This may be the most insane, ineffective cure in the world, but if you have the opportunity to travel back in time, please go see it performed, even though visiting the fourteenth century is dumb, so dumb, just so dumb.
I realize that “Do No Harm” is the first rule of medicine, but “Don’t apply human shit to an open wound” seems like a good second one.
But the bubonic plague never went away entirely. It still exists today.

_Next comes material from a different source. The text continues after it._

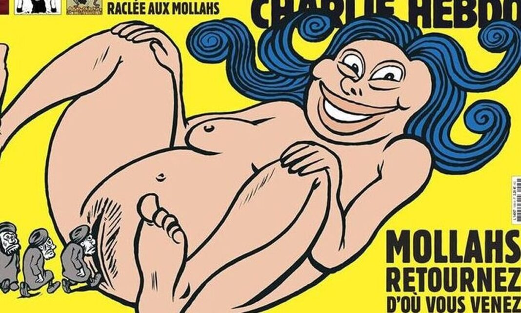 Στο στόχαστρο αυτή τη φορά το συντηρητικό, θεοκρατικό καθεστώς της Τεχεράνης που έχει ξεκινήσει αιματηρή καταστολή κατά των διαδηλωτών που εδώ και μήνες απαιτούν ελευθερίες. To πρωτοσέλιδο του Charlie Hebdo παρουσιάζει το σκίτσο μίας γυμνής γυναίκας με ανοικτά τα πόδια και τους μουλάδες να κάνουν ουρά για να μπουν στο σώμα της. Τίτλος του «Μουλάδες, επιστρέψτε από εκεί που βγήκατε».

The World Health Organization reports that in 2013 there were 783 cases worldwide; 126 people died.
If you have been out hiking in a dry area like the American Southwest and find egg-shaped growths developing under your armpit, it is exceedingly important that you go to a doctor within twenty-four hours. Maybe it’s a normal rash, but maybe you have the plague, so you should check that out really quickly, as quickly as you can.
If you have to choose between living in an isolated, uncaring community with plentiful penicillin or a very warm and loving world without drugs, team up with the guys with penicillin. It’s a lot easier to make people nicer than it is to develop medicine.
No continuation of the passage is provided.